= Provided records =
━━━━
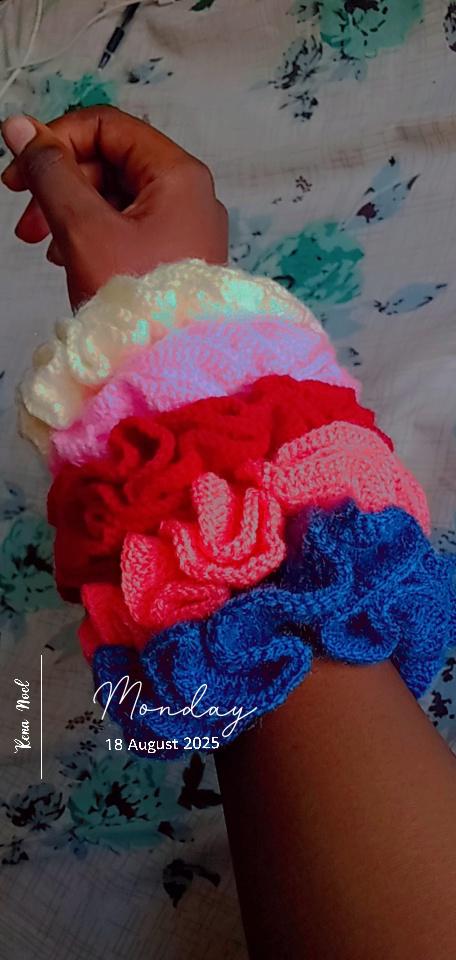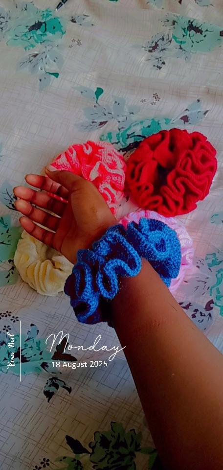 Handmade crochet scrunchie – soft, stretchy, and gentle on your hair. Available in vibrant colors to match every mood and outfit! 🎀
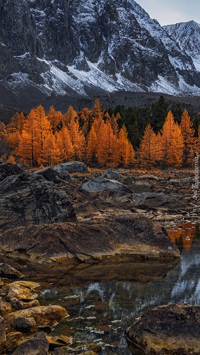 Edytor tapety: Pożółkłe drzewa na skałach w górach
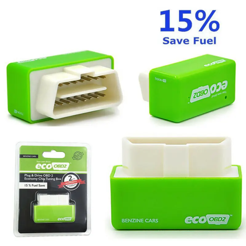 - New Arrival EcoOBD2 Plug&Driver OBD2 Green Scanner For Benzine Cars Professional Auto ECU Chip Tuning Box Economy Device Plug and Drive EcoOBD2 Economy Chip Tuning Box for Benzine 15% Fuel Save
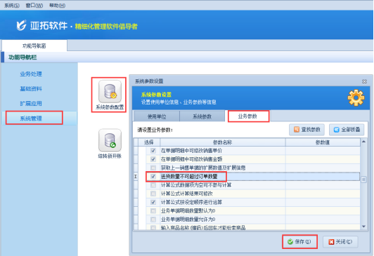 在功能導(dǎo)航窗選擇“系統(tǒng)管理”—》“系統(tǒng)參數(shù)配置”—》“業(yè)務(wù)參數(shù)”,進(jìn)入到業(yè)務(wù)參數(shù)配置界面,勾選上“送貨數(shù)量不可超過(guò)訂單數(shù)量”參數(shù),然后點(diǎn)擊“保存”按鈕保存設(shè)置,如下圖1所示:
━━━━
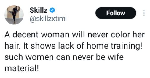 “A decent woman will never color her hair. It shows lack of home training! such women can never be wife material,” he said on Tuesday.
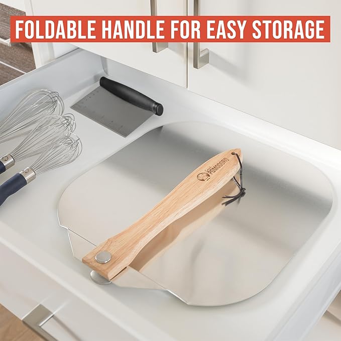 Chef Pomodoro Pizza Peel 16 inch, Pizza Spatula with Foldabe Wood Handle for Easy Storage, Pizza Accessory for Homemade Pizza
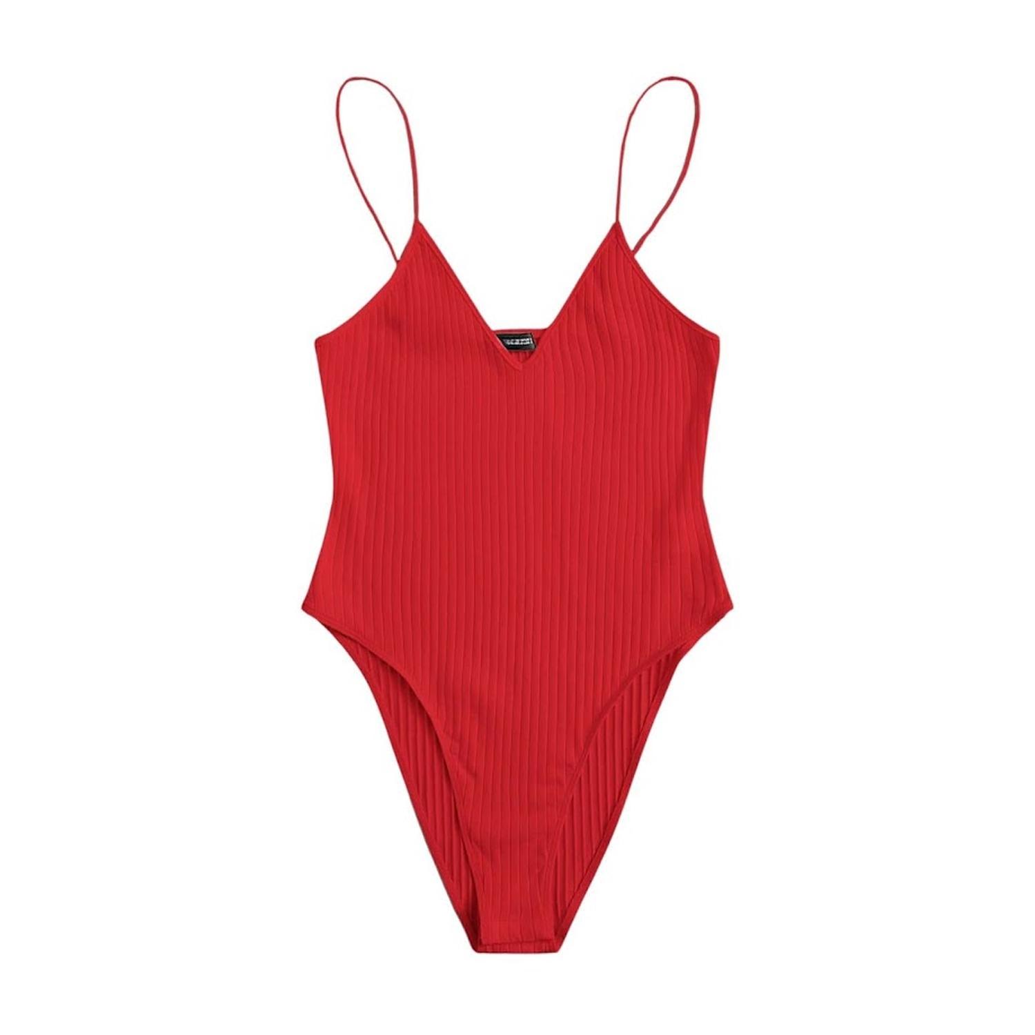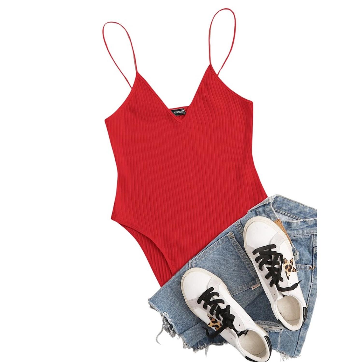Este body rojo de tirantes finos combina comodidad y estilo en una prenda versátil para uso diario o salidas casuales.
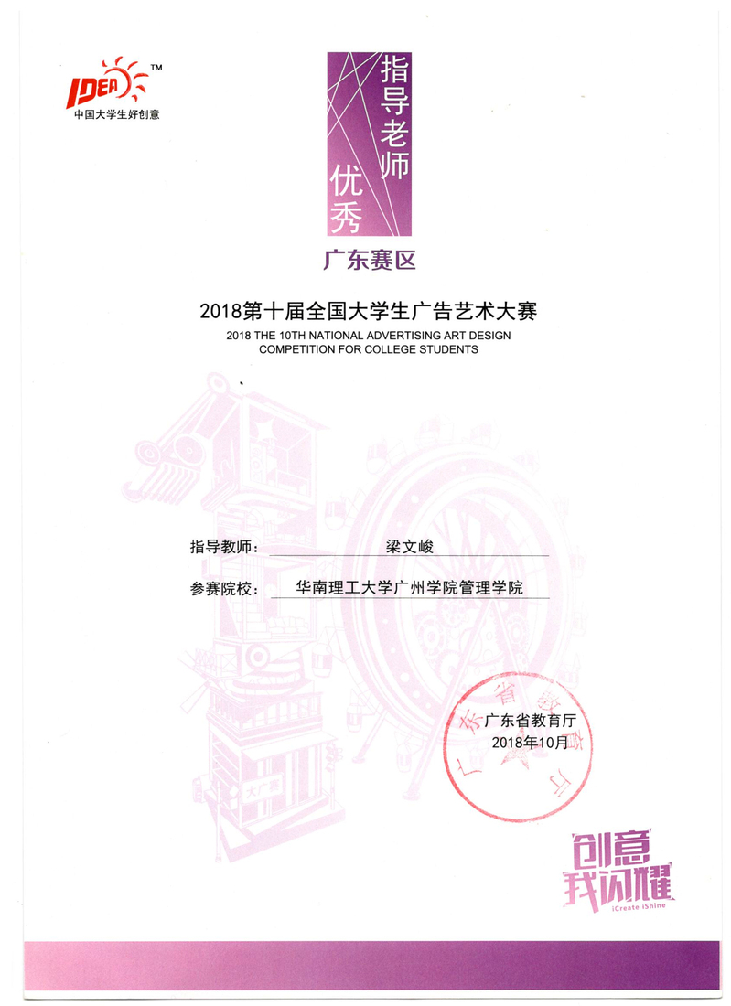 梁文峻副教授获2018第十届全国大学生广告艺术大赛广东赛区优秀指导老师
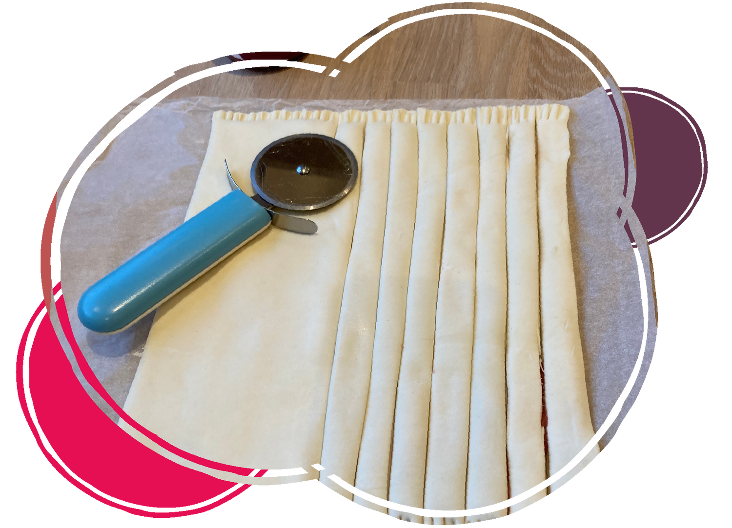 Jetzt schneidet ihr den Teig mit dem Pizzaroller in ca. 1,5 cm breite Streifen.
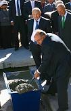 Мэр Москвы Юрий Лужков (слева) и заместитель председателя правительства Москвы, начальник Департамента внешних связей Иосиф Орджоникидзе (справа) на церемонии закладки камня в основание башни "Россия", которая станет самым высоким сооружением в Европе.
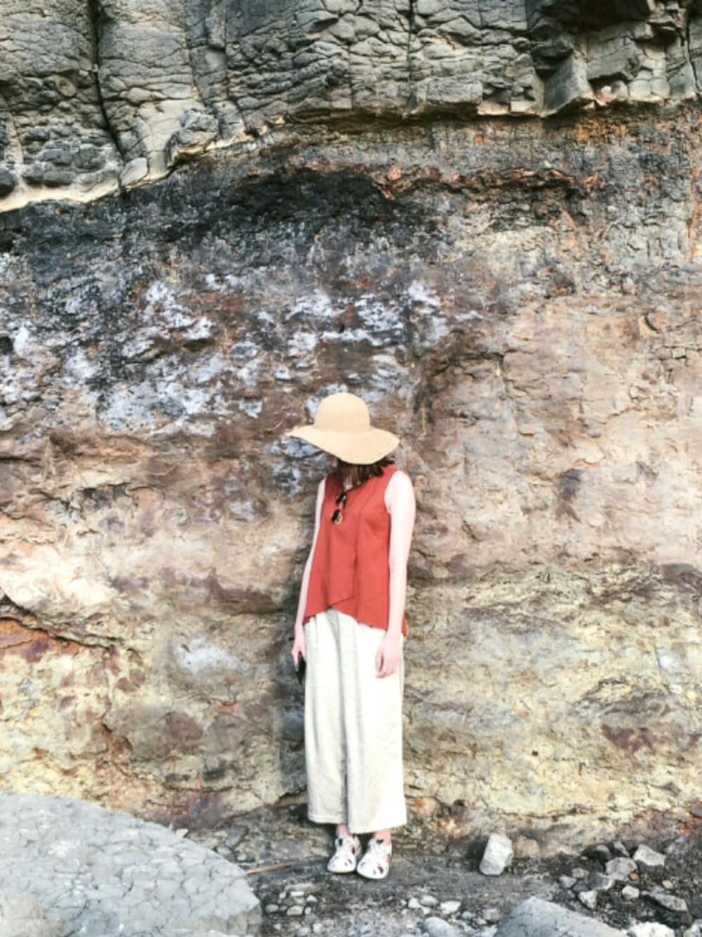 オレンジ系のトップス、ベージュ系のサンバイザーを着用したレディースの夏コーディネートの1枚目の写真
━━━━
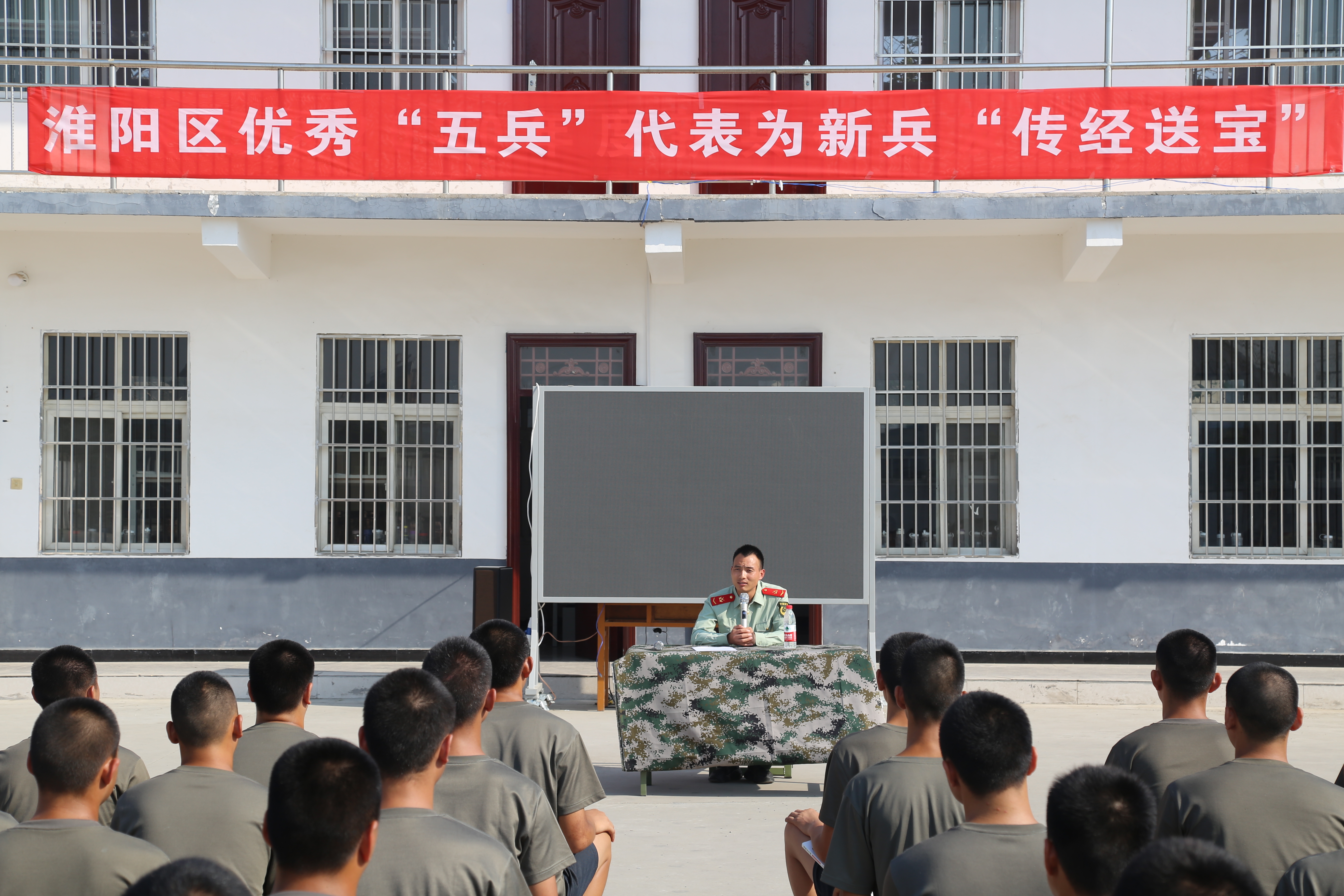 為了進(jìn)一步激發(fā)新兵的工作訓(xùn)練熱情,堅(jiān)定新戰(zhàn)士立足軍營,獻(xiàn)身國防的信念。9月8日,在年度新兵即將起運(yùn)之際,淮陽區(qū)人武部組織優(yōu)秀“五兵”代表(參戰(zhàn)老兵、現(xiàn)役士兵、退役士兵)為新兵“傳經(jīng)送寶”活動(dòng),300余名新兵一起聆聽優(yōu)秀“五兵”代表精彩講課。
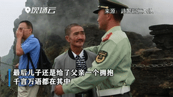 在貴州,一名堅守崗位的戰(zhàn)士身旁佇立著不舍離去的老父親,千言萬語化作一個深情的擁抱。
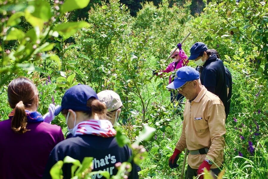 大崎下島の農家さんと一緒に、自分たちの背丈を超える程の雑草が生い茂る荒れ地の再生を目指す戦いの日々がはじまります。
━━━━
In the data above, find the line with "為了進(jìn)一步激發(f" and the line with "大崎下島の農家さんと一緒に、". Please copy exactly those two lines and every line between them, but not the pictures.

= Solution below =
 為了進(jìn)一步激發(fā)新兵的工作訓(xùn)練熱情,堅(jiān)定新戰(zhàn)士立足軍營,獻(xiàn)身國防的信念。9月8日,在年度新兵即將起運(yùn)之際,淮陽區(qū)人武部組織優(yōu)秀“五兵”代表(參戰(zhàn)老兵、現(xiàn)役士兵、退役士兵)為新兵“傳經(jīng)送寶”活動(dòng),300余名新兵一起聆聽優(yōu)秀“五兵”代表精彩講課。
 在貴州,一名堅守崗位的戰(zhàn)士身旁佇立著不舍離去的老父親,千言萬語化作一個深情的擁抱。
 大崎下島の農家さんと一緒に、自分たちの背丈を超える程の雑草が生い茂る荒れ地の再生を目指す戦いの日々がはじまります。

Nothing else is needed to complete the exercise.